- GIVEN MATERIAL -
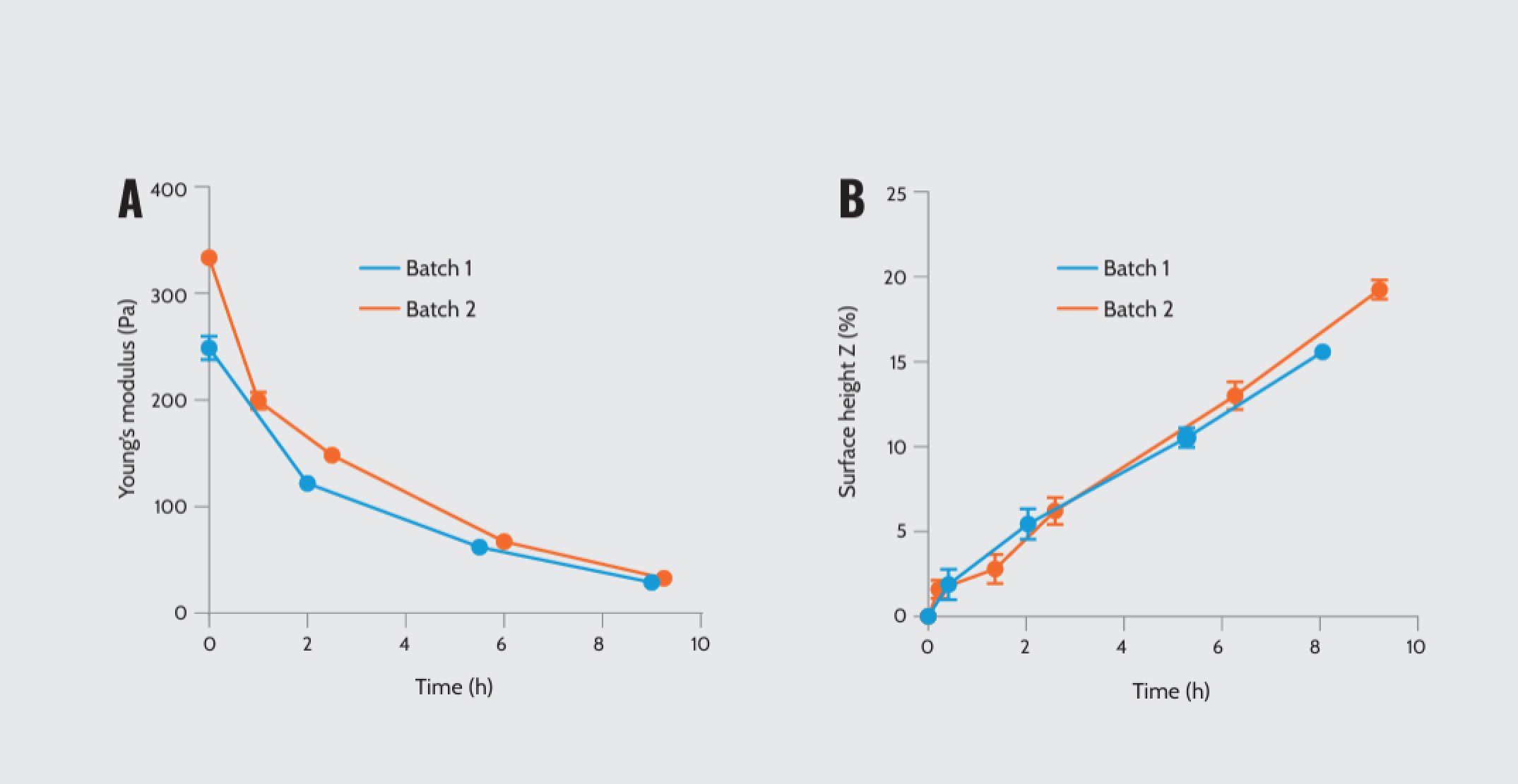 Mechanical properties of Matrigel® as a function of time. (A) Young’s modulus of two Matrigel® batches with different protein concentrations over time: batch 1 (7.6 mg/ml) and batch 2 (9.8 mg/ml). (B) Matrigel swelling analyses by plotting the height difference over time.
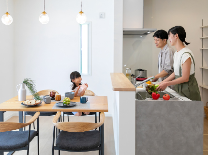 限られた敷地でも家族が広々と暮らせる2階建て住宅。リビングイン階段や開放的なLDK、広い洗面や共働き夫婦に嬉しい家事動線など、家族の暮らしを快適にする多彩なプランをご用意しています。
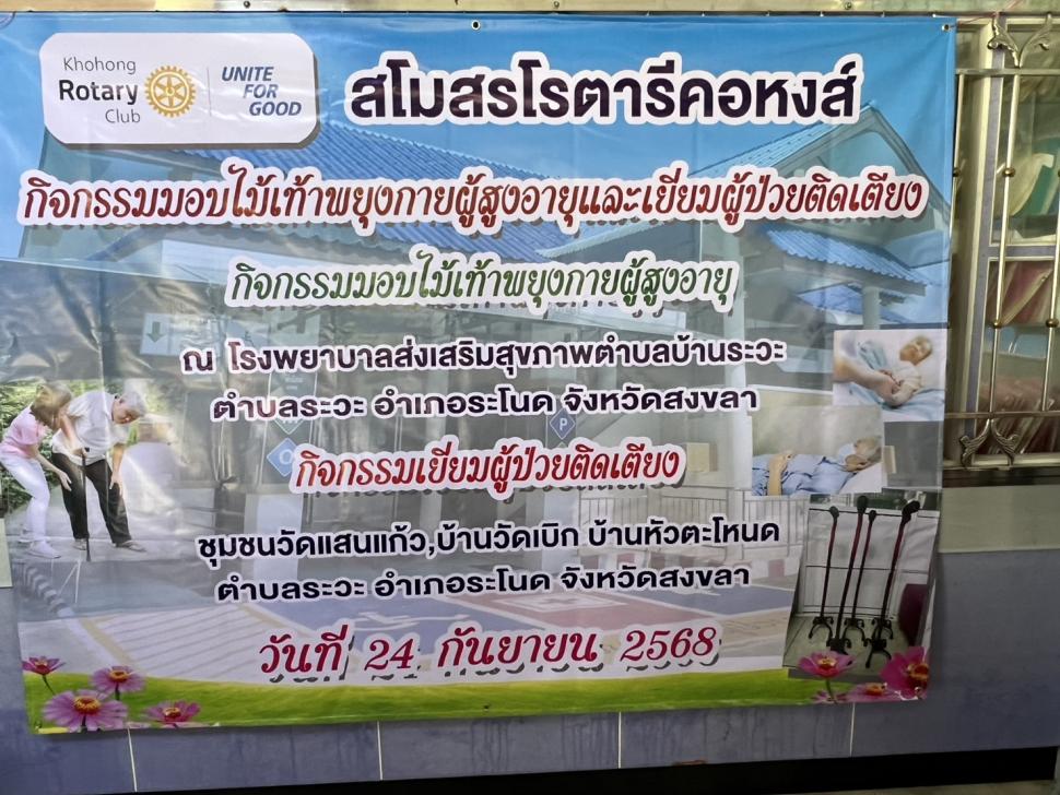 วันที่ 24 กันยายน 2568 สโมสรโรตารีคอหงส์ นำโดย นย.บุุญเรือง ถาวรวิสิทธิ์ พร้อมด้วยสมาชิกส่วนหนึ่ง ได้เดินทางไปทำกิจกรรมมอบไม้เท้าพยุงกายแก่ผู้สูงอายุ ในพื้นที่ หมู่ 1 ตำบลระวะ จำนวน 20 ท่าน ณ โรงพยาบาลส่งเสริมสุขภาพตำบลระวะ อ.ระโนด จ.สงขลา หลังจากนั้นก็ได้ไปเยี่ยมผู้ป่วยติดเตียงที่อาศัยอยู่ในชุมชนวัดแสนแก้ว ชุมชนวัดเบิก และชุมชนบ้านหัวตะโหนด จำนวน 9 ท่าน โดยได้มอบแพมเพิส นมกล่อง และน้ำดื่ม ให้แก่ผู้ป่วยทุกท่าน ในการไปทำกิจกรรมบำเพ็ญประโยชน์ครั้งนี้ ได้รับความร่วมมืออย่างดีเยี่ยมจากผู้อำนวยการโรงพยาบาลส่งเสริมสุขภาพตำบลระวะ ผู้ใหญ่บ้านและผู้ช่วยผู้ใหญ่บ้าน หมู่ 1 ตำบลระวะ รวมทั้งสมาชิกกิติมศักดิ์ของสโมสร คุณชำนาญ มานิล ที่ได้ความอนุเคราะห์ติดต่อประสานงานได้อย่างดีเยี่ยม ผู้สูงอายุและผู้ป่วยติดเตียงรวมทั้งครอบครัว มีความพึงพอใจเป็นอย่างมากกับการทำกิจกรรมในครั้งนี้

- REQUIRED ACTION -
Word for word, restate the lines from the first line of the material through the line containing "限られた敷地でも家族が広々と", with the pictures left out.

- EXERCISE RESPONSE -
 Mechanical properties of Matrigel® as a function of time. (A) Young’s modulus of two Matrigel® batches with different protein concentrations over time: batch 1 (7.6 mg/ml) and batch 2 (9.8 mg/ml). (B) Matrigel swelling analyses by plotting the height difference over time.
 限られた敷地でも家族が広々と暮らせる2階建て住宅。リビングイン階段や開放的なLDK、広い洗面や共働き夫婦に嬉しい家事動線など、家族の暮らしを快適にする多彩なプランをご用意しています。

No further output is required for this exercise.